Marine teleosts also use gills to excrete electrolytes. The gills' large surface area tends to create a problem for fish that seek to regulate the osmolarity of their internal fluids. Saltwater is less dilute than these internal fluids, so saltwater fish lose large quantities of water osmotically through their gills. To regain the water, they drink large amounts of seawater and excrete the salt. Freshwater is more dilute than the internal fluids of fish, however, so freshwater fish gain water osmotically through their gills.
Lampreys and hagfish do not have gill slits as such. Instead, the gills are contained in spherical pouches, with a circular opening to the outside. Like the gill slits of higher fish, each pouch contains two gills. In some cases, the openings may be fused together, effectively forming an operculum. Lampreys have seven pairs of pouches, while hagfishes may have six to fourteen, depending on the species. In the hagfish, the pouches connect with the pharynx internally. In adult lampreys, a separate respiratory tube develops beneath the pharynx proper, separating food and water from respiration by closing a valve at its anterior end.
Tadpoles of amphibians have from three to five gill slits that don't contain actual gills.

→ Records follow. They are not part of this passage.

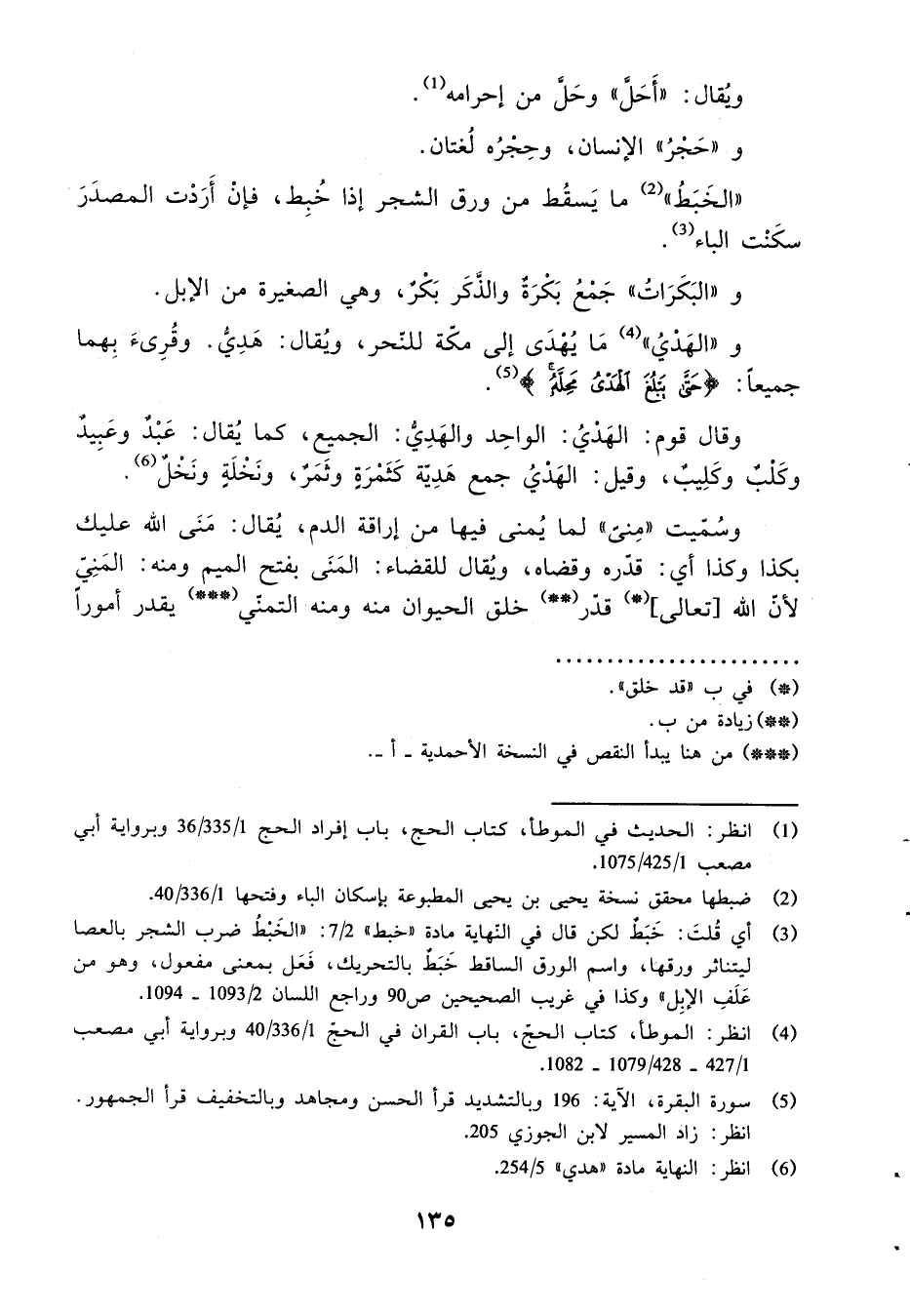 وَقَالَ قوم: الْهَدْي: الْوَاحِد وَالْهَدْي: الْجَمِيع، كَمَا يُقَال: عبد وَعبيد وكلب وكليب، وَقيل: الْهَدْي جمع هَدِيَّة كثمرة وثمر، ونخلة ونخل.
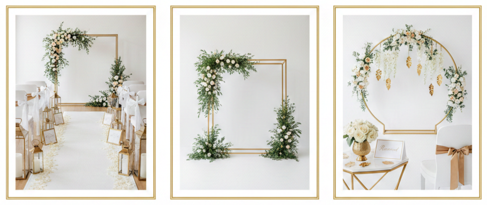 - Backdrop Ideas: A gold geometric arch with asymmetrical florals feels modern, a gold frame altar with greenery feels classic, a curved gold stand with hanging florals feels contemporary, and a minimal draped backdrop with gold tiebacks feels soft and formal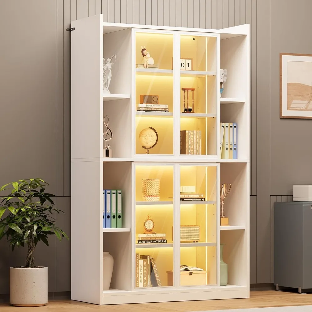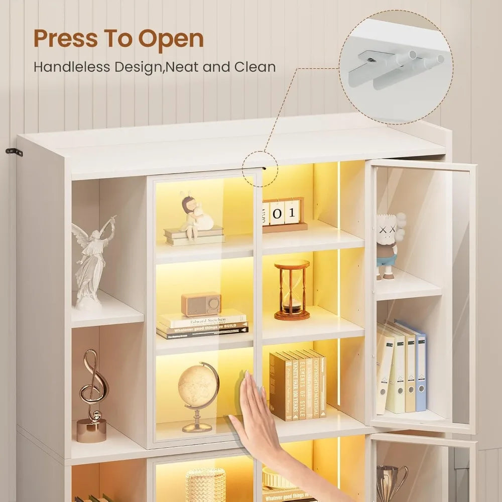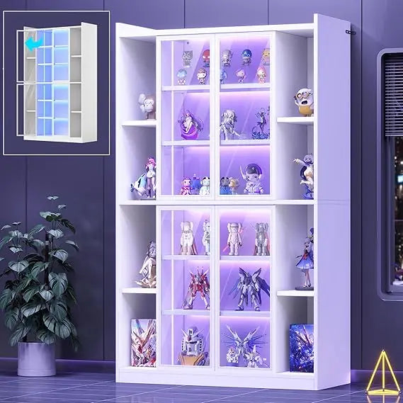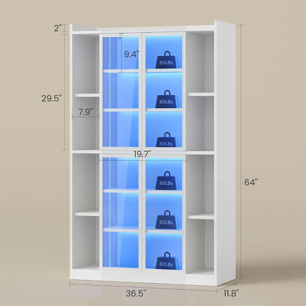 This glass display cabinet features RGB LED lighting that can be controlled remotely through an app, offering over 60,000 color options and 29 different flashing modes. The lights also have a music sync function, with a built-in microphone that adjusts sensitivity, allowing the LED color to change in rhythm with sound and music. The cabinet's LED lights can be customized to match various scenes. The cabinet provides ample storage with six shelves, and the spacious area is designed for organized storage of various items. The door includes four adjustable shelves that can be moved up and down to accommodate items of different sizes. Suitable for organizing books, displaying toys, or storing food, the bookcase's frame and shelves are crafted from FSC-certified wood. Versatile for multiple settings, this LED-lit bookshelf display cabinet can be used as a bookshelf in the study, a display for collections in the living room, or for storing bags in the bedroom. The LED lighting enhances the atmosphere in various ways. The cabinet boasts a modern design with a transparent acrylic door that opens and closes with a simple press, providing a clear view of the contents inside. This design seamlessly fits into any home decor, helping to keep the room tidy and aesthetically pleasing. Assembly is straightforward with clear instructions and numbered parts. Should your display cabinet arrive damaged, scratched, or with missing parts, contact us for a free replacement or partial refund.

There is usually no spiracle or true operculum, though many species have an operculum-like structure. Instead of internal gills, they develop three feathery external gills that grow from the outer surface of the gill arches. Sometimes adults retain these, but they usually disappear at metamorphosis. Lungfish larvae also have external gills, as does the primitive ray-finned fish Polypterus, though the latter has a structure different than amphibians.
Respiration in the Echinodermata (includes starfish and sea urchins) is carried out using a very primitive version of gills called papulae. These thin protuberances on the surface of the body contain diverticula of the water vascular system. Crustaceans, molluscs, and some insects have gills that are tufted or plate-like structures at the surface of the body.
The gills of other insects are tracheal, and also include both thin plates and tufted structures, and, in the larval dragon fly, the wall of the caudal end of the alimentary tract (rectum) is richly supplied with tracheae as a rectal gill. Water pumped into and out of the rectum provides oxygen to the closed tracheae. Aquatic insects use a tracheal gill, which contains air tubes. The oxygen in these tubes is renewed through the gills.